Cuando la escuchaba contar su historia apenas podía respirar y sentía que sus músculos se agarrotaban y no podía moverse hasta que el silencio no se apoderaba de los labios que contaban tan terrible vivencia.
—Cuando se hizo el silencio creí que había muerto porque por primera vez vi el cielo abrirse y brillar las estrellas. Entonces llegó él y me tapó. Me dolía todo y no tenía fuerzas ni para el rechazo. Se sentó en el suelo y me pegó a su pecho. Fue confortable, como una sensación de calidez. «¿Cómo te llamas?», me preguntó. «Estrella», pude susurrar yo. Supongo que creyó que me refería a las estrellas que por fin brillaban con intensidad. «Pues ya no estás sola, Estrella. Mira, todas ellas te acompañan».
Dos lagrimones caían por sus pómulos. El primer contacto de ambas fue un roce de manos inesperado jugando con los cachorros. Se miraron y se agarraron con más fuerza. Las tardes y las charlas habían creado un vínculo entre las dos jóvenes. Ella se sentía segura con Estrella y podía revivir su historia, hablar de sus padres, de su pareja, de su familia, del amor, de todo aquello que algún día estuvo vivo en su interior. Estrella también le relataba historias de los días en los que era feliz. Hablaba mucho de su hermano, tanto que llegó a sentir que lo conocía. Cuando el Artesano llegaba, ella se marchaba de la habitación:
—Te veo bien.
—Supongo. Quería darte las gracias, porque sin todo aquello que trajiste, ellos no habrían llegado hasta aquí.
—¿Y tú?
—También estoy aquí por ti.
—No, no. Si estás aquí es por ellos.
Las lágrimas brotaron al recordar aquel fatídico día, pero había algo que quería decirle y no pensaba dejar pasar más tiempo.

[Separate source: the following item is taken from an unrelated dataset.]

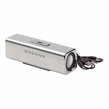 Cette sound box personnalisée New Wave possède 2 hauts parleurs mais fait aussi office de radio FM. Elle permet de lire les cartes micro SD et les clés USB.

—Tú me salvaste de aquel asqueroso.
El Artesano clavó su mirada en ella.
—Puede que los demás nos ayuden a salvarnos, pero la auténtica salvación está en cada uno de nosotros.
Ella permaneció estática con la mirada perdida, reflexionando sobre esa afirmación.
—Estrella me ha comentado que piensas mucho en la muerte. Sus ojos brillaron, pero no cayó una lágrima.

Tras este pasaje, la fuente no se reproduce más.